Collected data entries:
..........
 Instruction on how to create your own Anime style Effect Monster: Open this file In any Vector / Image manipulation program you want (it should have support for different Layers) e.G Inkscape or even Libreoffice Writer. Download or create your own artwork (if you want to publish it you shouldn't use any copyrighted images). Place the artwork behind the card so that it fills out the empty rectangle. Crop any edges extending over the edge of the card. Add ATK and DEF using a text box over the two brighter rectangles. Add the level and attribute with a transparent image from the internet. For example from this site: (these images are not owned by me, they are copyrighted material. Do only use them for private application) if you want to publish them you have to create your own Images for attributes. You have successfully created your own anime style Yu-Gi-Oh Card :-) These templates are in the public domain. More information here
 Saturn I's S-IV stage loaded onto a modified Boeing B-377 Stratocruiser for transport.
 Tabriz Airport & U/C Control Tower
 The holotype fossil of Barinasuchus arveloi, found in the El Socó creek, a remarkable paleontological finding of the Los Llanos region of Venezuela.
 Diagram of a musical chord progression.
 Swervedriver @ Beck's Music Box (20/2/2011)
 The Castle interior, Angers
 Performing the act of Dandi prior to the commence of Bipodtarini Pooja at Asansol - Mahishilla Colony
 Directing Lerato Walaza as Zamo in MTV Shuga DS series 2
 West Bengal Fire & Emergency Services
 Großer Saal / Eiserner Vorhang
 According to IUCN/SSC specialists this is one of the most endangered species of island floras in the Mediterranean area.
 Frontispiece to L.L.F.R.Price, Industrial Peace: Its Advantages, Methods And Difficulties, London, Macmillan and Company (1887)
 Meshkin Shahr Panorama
..........
Write out, from the lines above, only those from the line with "Performing the act" to the line with "Großer Saal / Eiserner Vorhang", exactly as given, including the first and the last.

 Performing the act of Dandi prior to the commence of Bipodtarini Pooja at Asansol - Mahishilla Colony
 Directing Lerato Walaza as Zamo in MTV Shuga DS series 2
 West Bengal Fire & Emergency Services
 Großer Saal / Eiserner Vorhang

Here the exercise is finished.